When gas migrates, it will dissolve in water, but once the water reaches a lower pressure zone, it wants to get out. That’s why people experiencing methane in their water supplies will first notice a spurting at the tap, or bubbles in a glass of water. If that happens, the concentration is high enough to be combustible and the presence of methane becomes dangerous. If the colorless and odorless gas has a concentration above 28 milligrams per liter, it needs to be vented. When triggered it could explode. That’s what happened when Dimock resident Norma Fiorentino’s water well blew up.

Drinking water that contains methane is not considered harmful. But there are few studies of the longterm health impacts of drinking water with high levels of methane.

So once methane migrates into water supply, what then?
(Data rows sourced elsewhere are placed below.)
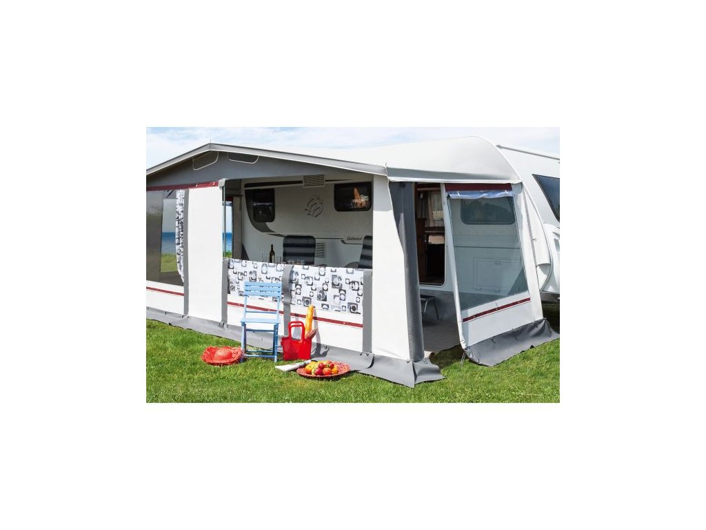 Atraktivní pětidílný model ve svěžím barevném provedení nabízí celou řadu funkcí. Všestranné využití, např. jako sluneční stříška, volitelně s bočnicemi nebo bez nich. Můžete si tak naplno užívat dovolenou v karavanu. Vchody v přední stěně a bočních stěnách umožňují snadný přístup do stanu. Štítové větrací otvory zajišťují příjemné vnitřní klima.
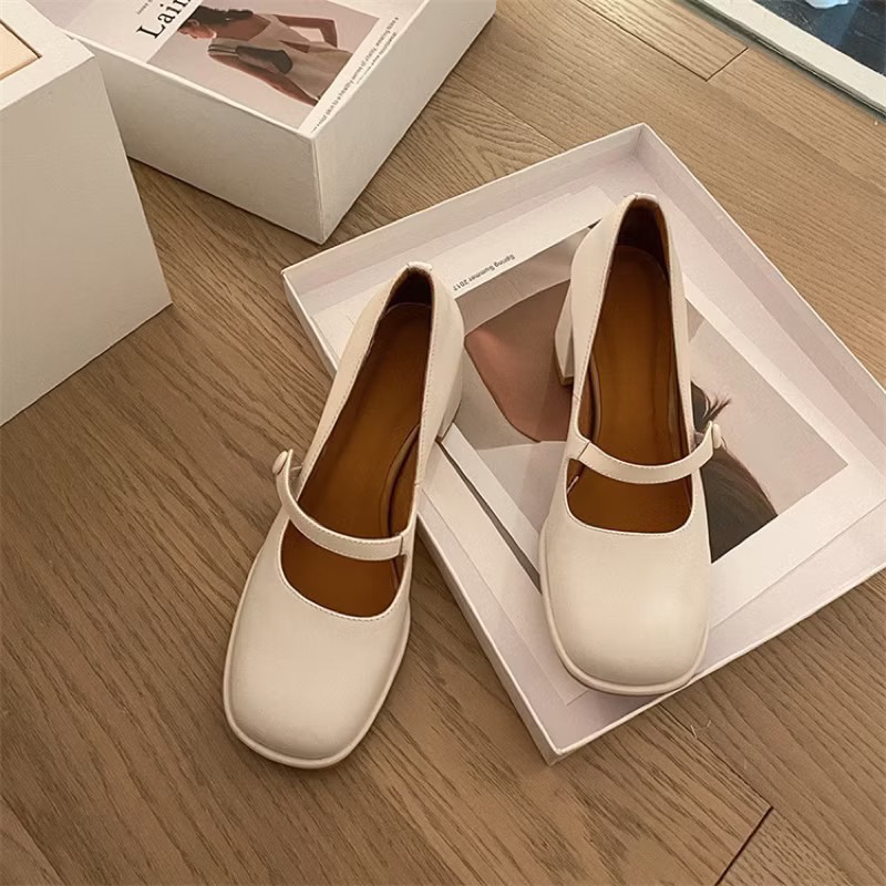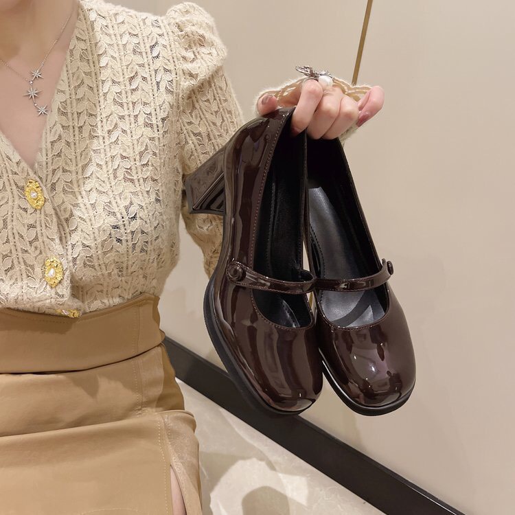 Giày cao gót Mary Jane hàng chuẩn loại cao cấp (có sẵn 34-40) - Giày cao gót nữ đế vuông da bóng 7cm
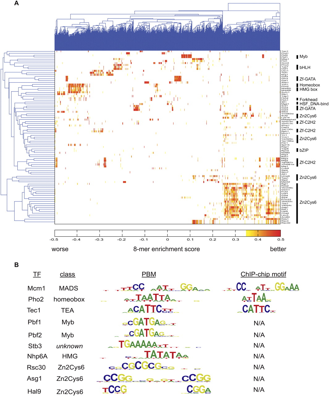 PBM characterization of S. cerevisiae TF DNA-binding specificities. (A) Hierarchical clustering of PBM data over ungapped 8-mer E-scores determined for 89 yeast TFs. (B) Sequence logos for selected examples of newly discovered yeast TF DNA-binding site motifs.

Baldassare says proper venting and aeration does work. Here’s a look at some of the equipment Leroy Township resident Michael Leighton has installed in his basement, to combat leaking methane gas:

Some homeowners suffering from methane in their water wells have expressed doubts about the venting and filtration systems. Baldassare also says if the source of the methane is halted, eventually, the water will be free of the gas through natural processes. But it’s unclear how long that could take.